Цветок миндаля!.. Как только девушка услыхала это имя из уст сеньора, густой румянец мгновенно залил нежную бледность ее лица.
Дон Хайме уже знает, как ее зовут? Такой важный сеньор и повторяет такие глупости!
Теперь Фебреру были видны лишь верх и поля ее шляпы. Маргалида опустила голову и смущенно играла кончиком передника, застыдившись, как девочка, которая впервые осознала свой пол и услышала первый комплимент.
III
В следующее воскресенье Фебрер отправился с утра в деревню. Дядюшка Вентолера, считая необходимым присутствовать на обедне и визгливыми возгласами отвечать на слова священника, не мог выйти вместе с ним в море.
От нечего делать Хайме пошел в деревню пешком по тропинкам из красной" глины, пачкавшей его белые альпаргаты. Был один из дней позднего лета. Блестевшие белизной сельские домики, казалось, отражали, как зеркало, зной африканского солнца. Вокруг жужжали рои насекомых. В зеленоватой тени раскидистых, низких и круглых фиговых деревьев, обнесенных подпорками и напоминавших естественные беседки, падали лопнувшие от жары винные ягоды, устилая землю словно огромными сахарными каплями пурпурного цвета. По обеим сторонам дороги высились шпалерами колючие лопасти индийских смоковниц; между их запыленными корнями сновали взад и вперед маленькие и пугливые, опьяневшие от солнца гибкие ящерицы с изумрудными спинками и длинными хвостами.
Сквозь темную и искривленную колоннаду оливковых И миндальных деревьев вдали, на других тропинках, видны были группы крестьян, тоже державших путь в деревню. Впереди шли по-праздничному разодетые девушки в красных или белых платках и зеленых юбках, сверкавшие на солнце массивными золотыми цепями. Бок о бок с ними шагали их поклонники, образуя неотвязчивый и хмурый эскорт: иногда одну из девушек окружало сразу несколько мужчин, оспаривавших другу друга благосклонный взгляд или приветливое слово. Шествие замыкали родители девушек, рано состарившиеся от тяжелого труда и суровой, деревенской жизни, бедные вьючные животные, безропотно покорные, с почерневшей кожей и руками, высохшими, как виноградные лозы; в их сонном мозгу сохранилось еще воспоминание о годах фестейжа, как о смутной и далекой весне.
Дойдя до деревни, Фебрер отправился прямо в церковь. Поселок состоял из шести - восьми хижин, дома алькальда, школы и таверны, столпившихся вокруг храма, который возвышался гордо и величественно, как бы связывая воедино все хутора, разбросанные, по горам и долинам на несколько километров вокруг.
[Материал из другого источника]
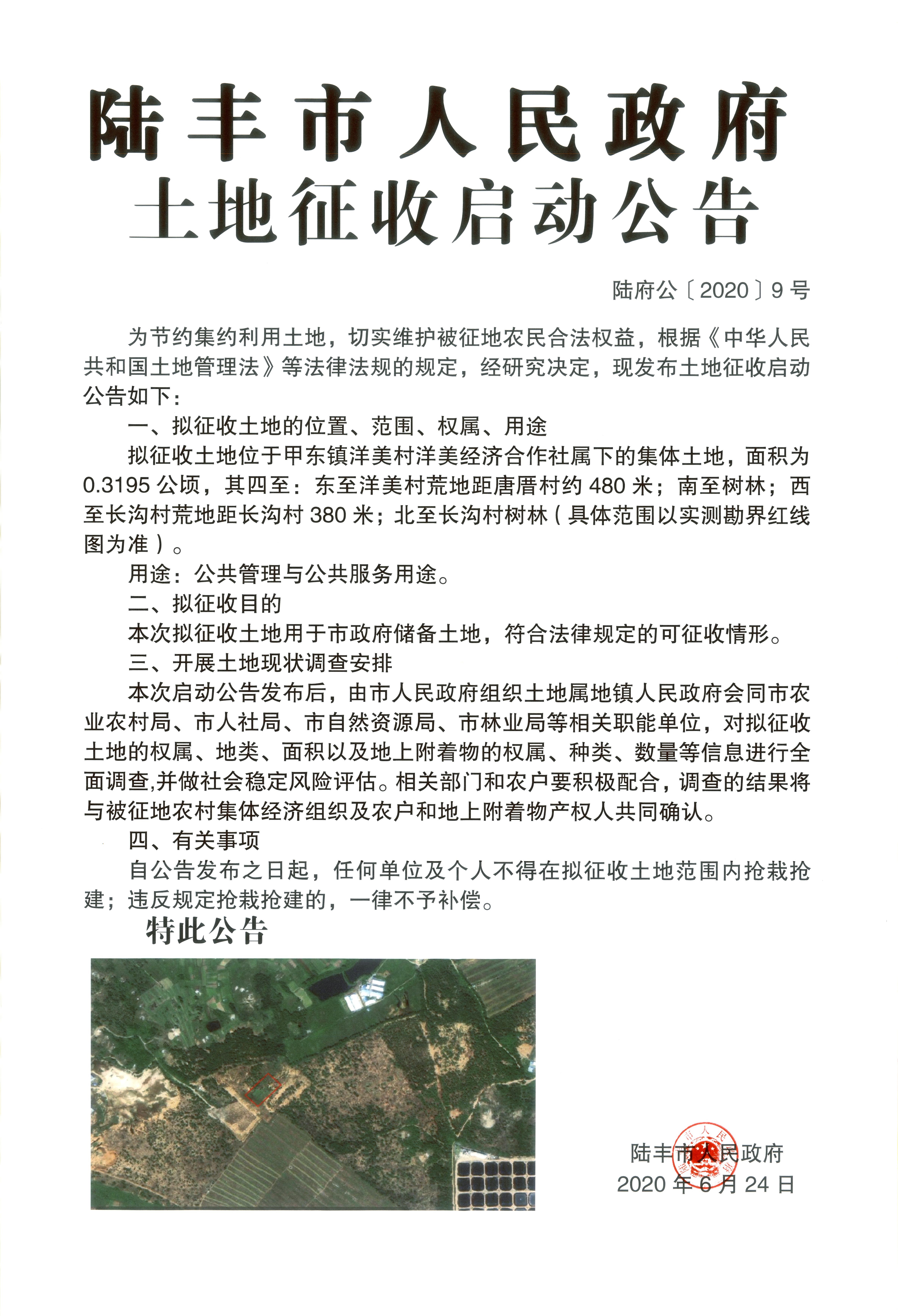 陸豐市人民政府土地征收啟動公告(陸府公(2020)9號)

Сняв шляпу, Хайме вытер пот со лба и укрылся под сводами небольшого крытого придела, ведущего в церковь. Здесь он испытал блаженное ощущение араба, находящего приют у жилья одинокого отшельника после перехода через раскаленные, как горн, пески. Церковь, побеленная известью, с прохладными сводами и выступами из песчаника, окруженная смоковницами, напоминала африканскую мечеть. Она походила скорее на крепость, чем на храм. Ее крыши прятались за высокими стенами, как за своеобразным редутом, откуда не раз выглядывали прежде ружья и мушкеты. Колокольня была боевой башней, все еще увенчанной зубцами; ее старый колокол раскачивался в свое время, звуча дробью набата.
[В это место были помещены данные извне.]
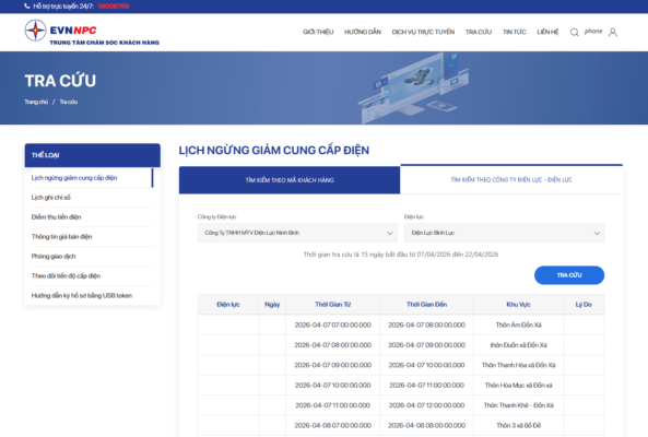 | 2026-04-12 05:00:00.000 | 2026-04-12 06:00:00.000 | 1 phần xã Lý Nhân | |||

Эта церковь, где крестьяне квартона вступали в жизнь с крестинами, а уходили из нее с заупокойной мессой, была в течение веков их убежищем в дни страха, их крепостью в часы сопротивления. Когда береговые стражники сигналами или столбами дыма сообщали о подходе мавританского судна, из всех домиков прихода к храму, бежали целые семьи: мужчины несли ружья, женщины и дети гнали коз и ослов или тащили на спине домашних птиц со связанными ногами. Дом божий превращался в хлев, где хранилось имущество верующих. В углу священник молился с женщинами, и слова молитв прерывались тревожными криками и детским плачем; на крышах же и на башне стрелки наблюдали за горизонтом, пока не приходило известие об уходе морских хищников. Тогда снова начиналась нормальная жизнь, и каждая семья возвращалась под свой одинокий кров, уверенная в необходимости повторить тревожное путешествие через несколько недель.
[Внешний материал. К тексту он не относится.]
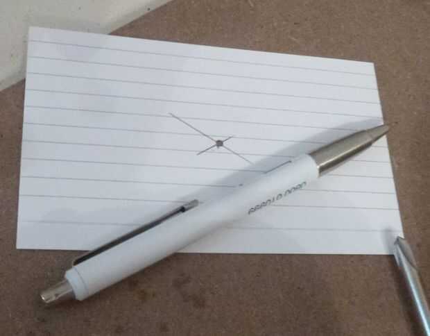 Utiliza un trozo de cartón para marcar el centro, y luego perforó un agujero en medio de las bases y luego el pedacito de taladro para hacer la tapa empotrada para tomar el tornillo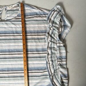 Details: Cotton Bleu poncho style top. Has arm holes, not an actual poncho. Ruffle sides. Stripes. Button at back neck.

Фебрер стоял под сводами придела и смотрел, как подбегали группами крестьяне, подгоняемые звоном колокола, звучавшего с башни. Церковь была почти полна. Через полуоткрытую дверь к Хайме доносилась струя тяжелого воздуха, в котором смешивались разгоряченное дыхание, запах пота и грубой одежды. Он испытывал известную симпатию к этим добродушным людям, когда встречался с каждым из них в отдельности, но толпа внушала ему отвращение и заставляла держаться вдалеке от нее.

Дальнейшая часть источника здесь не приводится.